(The input)
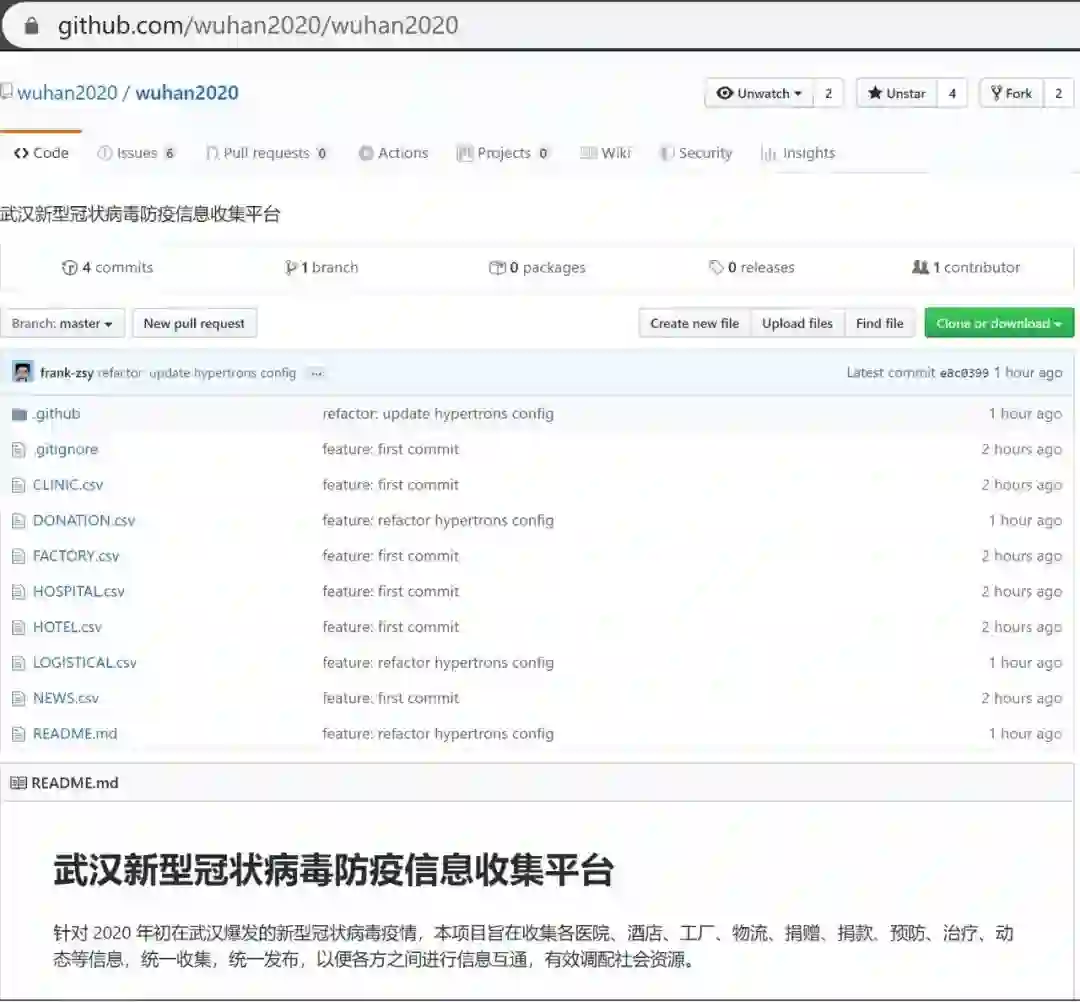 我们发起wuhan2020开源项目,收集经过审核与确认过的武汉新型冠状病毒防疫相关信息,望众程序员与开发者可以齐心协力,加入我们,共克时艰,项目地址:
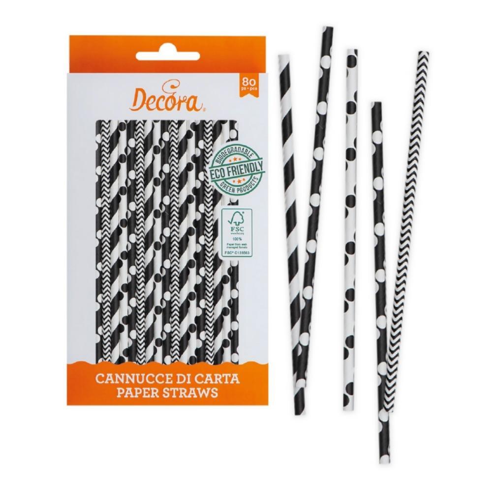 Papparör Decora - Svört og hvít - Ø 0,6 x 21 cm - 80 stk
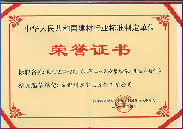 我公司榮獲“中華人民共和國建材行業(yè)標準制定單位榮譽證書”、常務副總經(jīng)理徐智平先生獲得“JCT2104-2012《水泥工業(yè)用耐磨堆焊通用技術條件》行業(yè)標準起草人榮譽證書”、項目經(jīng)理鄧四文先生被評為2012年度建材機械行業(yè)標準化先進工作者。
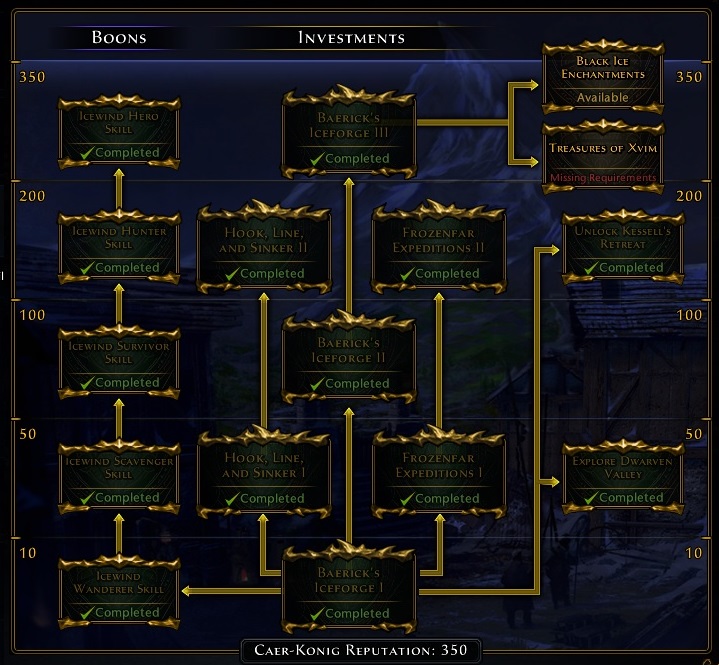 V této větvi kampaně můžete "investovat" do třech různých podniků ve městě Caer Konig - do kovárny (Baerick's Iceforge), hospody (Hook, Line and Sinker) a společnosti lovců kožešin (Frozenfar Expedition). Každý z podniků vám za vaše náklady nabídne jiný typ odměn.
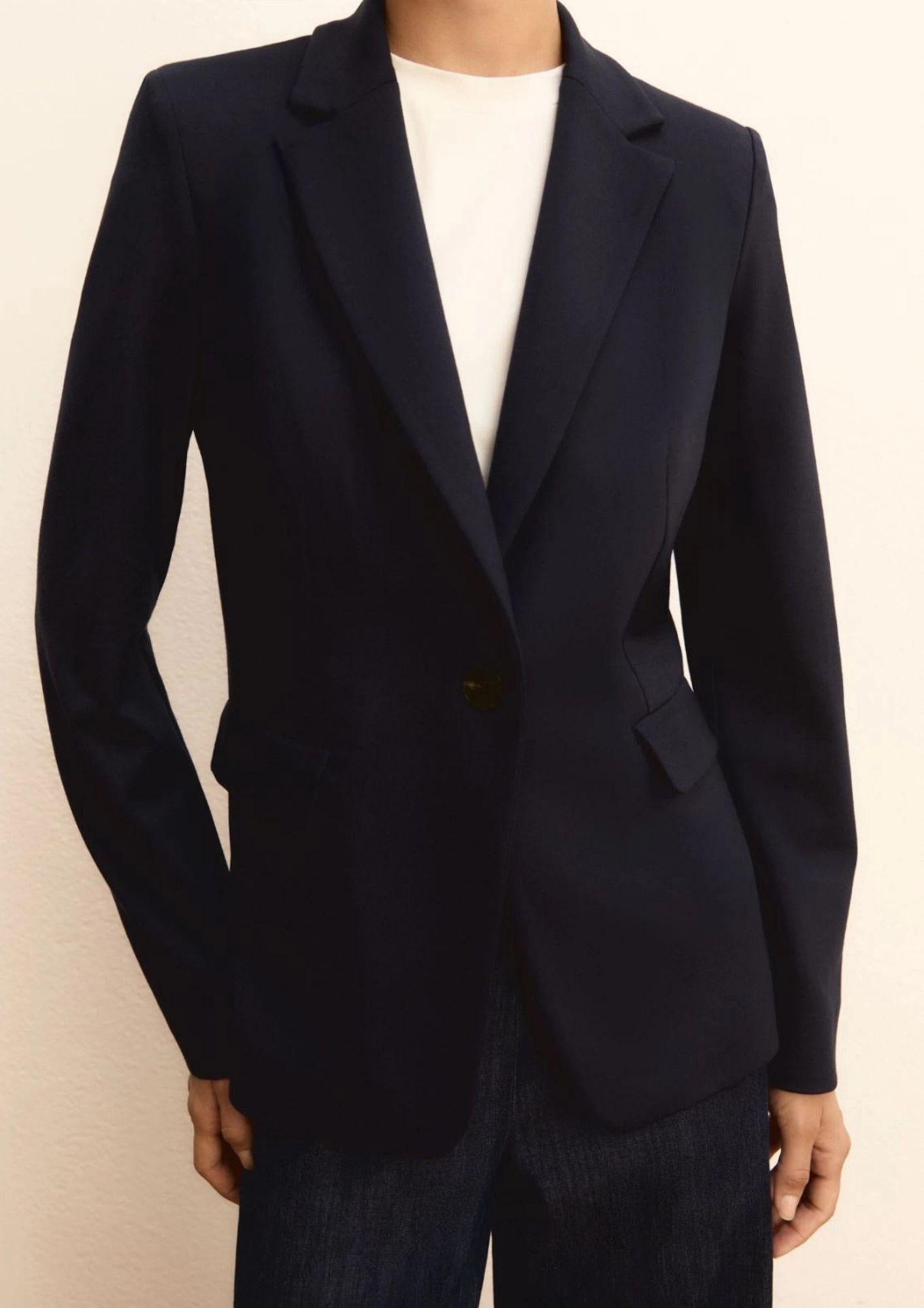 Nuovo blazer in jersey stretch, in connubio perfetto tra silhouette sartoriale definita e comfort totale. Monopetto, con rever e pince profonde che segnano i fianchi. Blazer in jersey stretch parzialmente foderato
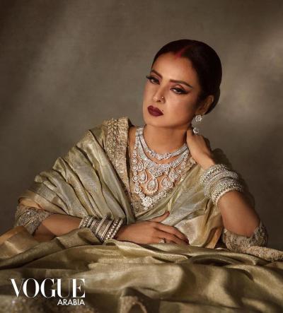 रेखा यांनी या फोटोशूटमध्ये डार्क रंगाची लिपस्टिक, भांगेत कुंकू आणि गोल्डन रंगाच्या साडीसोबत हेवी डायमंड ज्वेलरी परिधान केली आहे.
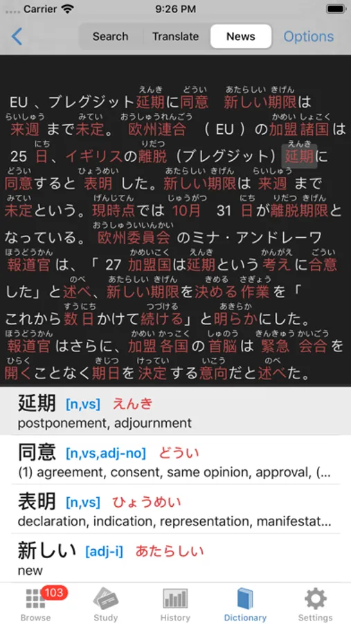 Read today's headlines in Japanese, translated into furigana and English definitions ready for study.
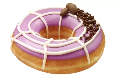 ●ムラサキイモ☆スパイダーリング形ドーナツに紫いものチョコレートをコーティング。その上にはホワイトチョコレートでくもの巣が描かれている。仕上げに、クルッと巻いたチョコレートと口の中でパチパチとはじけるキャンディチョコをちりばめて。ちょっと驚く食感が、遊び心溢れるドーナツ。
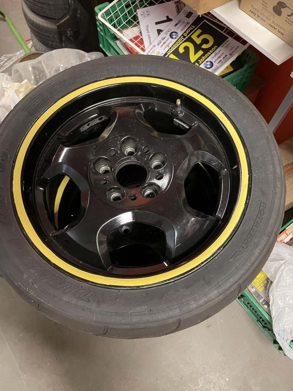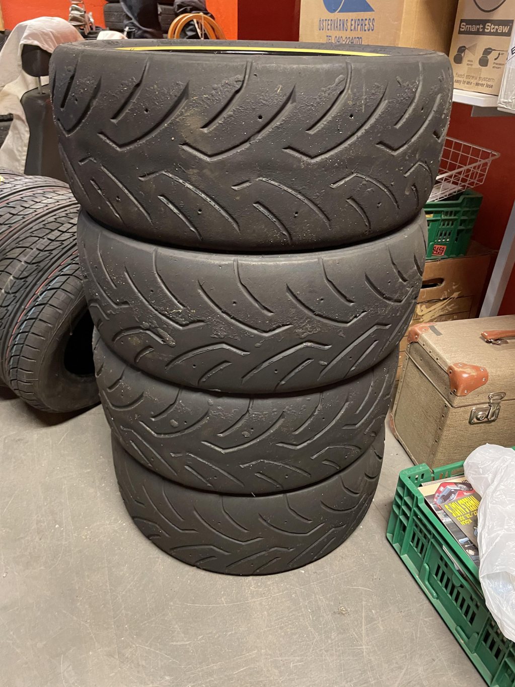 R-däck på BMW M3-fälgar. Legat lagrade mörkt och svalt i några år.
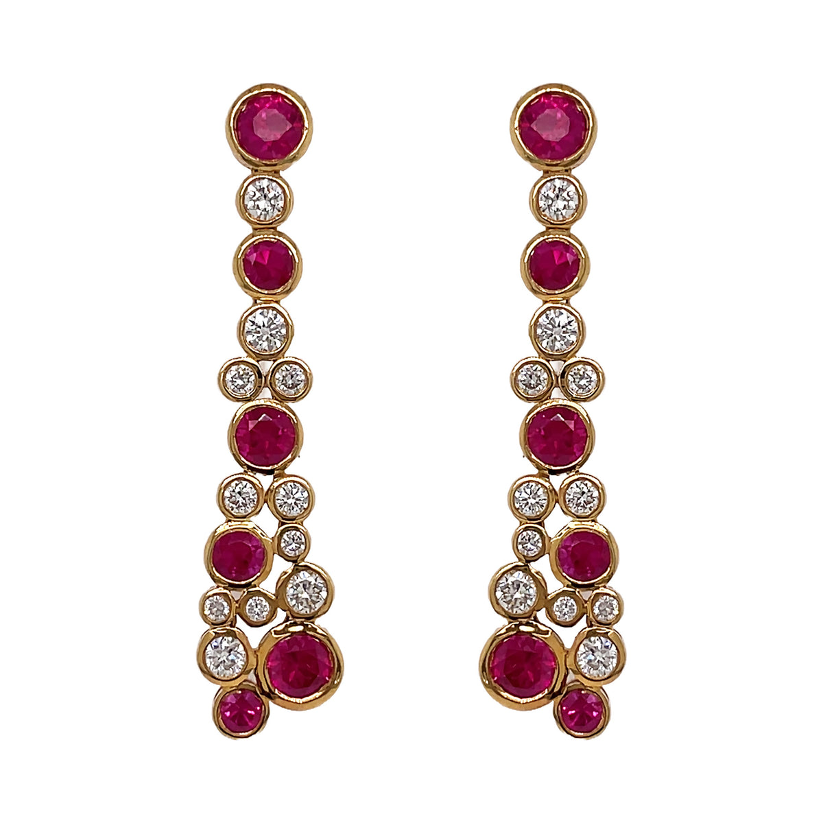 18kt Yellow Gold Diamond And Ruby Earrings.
(End The input)
Any picture among the entries must be skipped; copy all else exactly.

* Task response *
 我们发起wuhan2020开源项目,收集经过审核与确认过的武汉新型冠状病毒防疫相关信息,望众程序员与开发者可以齐心协力,加入我们,共克时艰,项目地址:
 Papparör Decora - Svört og hvít - Ø 0,6 x 21 cm - 80 stk
 我公司榮獲“中華人民共和國建材行業(yè)標準制定單位榮譽證書”、常務副總經(jīng)理徐智平先生獲得“JCT2104-2012《水泥工業(yè)用耐磨堆焊通用技術條件》行業(yè)標準起草人榮譽證書”、項目經(jīng)理鄧四文先生被評為2012年度建材機械行業(yè)標準化先進工作者。
 V této větvi kampaně můžete "investovat" do třech různých podniků ve městě Caer Konig - do kovárny (Baerick's Iceforge), hospody (Hook, Line and Sinker) a společnosti lovců kožešin (Frozenfar Expedition). Každý z podniků vám za vaše náklady nabídne jiný typ odměn.
 Nuovo blazer in jersey stretch, in connubio perfetto tra silhouette sartoriale definita e comfort totale. Monopetto, con rever e pince profonde che segnano i fianchi. Blazer in jersey stretch parzialmente foderato
 रेखा यांनी या फोटोशूटमध्ये डार्क रंगाची लिपस्टिक, भांगेत कुंकू आणि गोल्डन रंगाच्या साडीसोबत हेवी डायमंड ज्वेलरी परिधान केली आहे.
 Read today's headlines in Japanese, translated into furigana and English definitions ready for study.
 ●ムラサキイモ☆スパイダーリング形ドーナツに紫いものチョコレートをコーティング。その上にはホワイトチョコレートでくもの巣が描かれている。仕上げに、クルッと巻いたチョコレートと口の中でパチパチとはじけるキャンディチョコをちりばめて。ちょっと驚く食感が、遊び心溢れるドーナツ。
 R-däck på BMW M3-fälgar. Legat lagrade mörkt och svalt i några år.
 18kt Yellow Gold Diamond And Ruby Earrings.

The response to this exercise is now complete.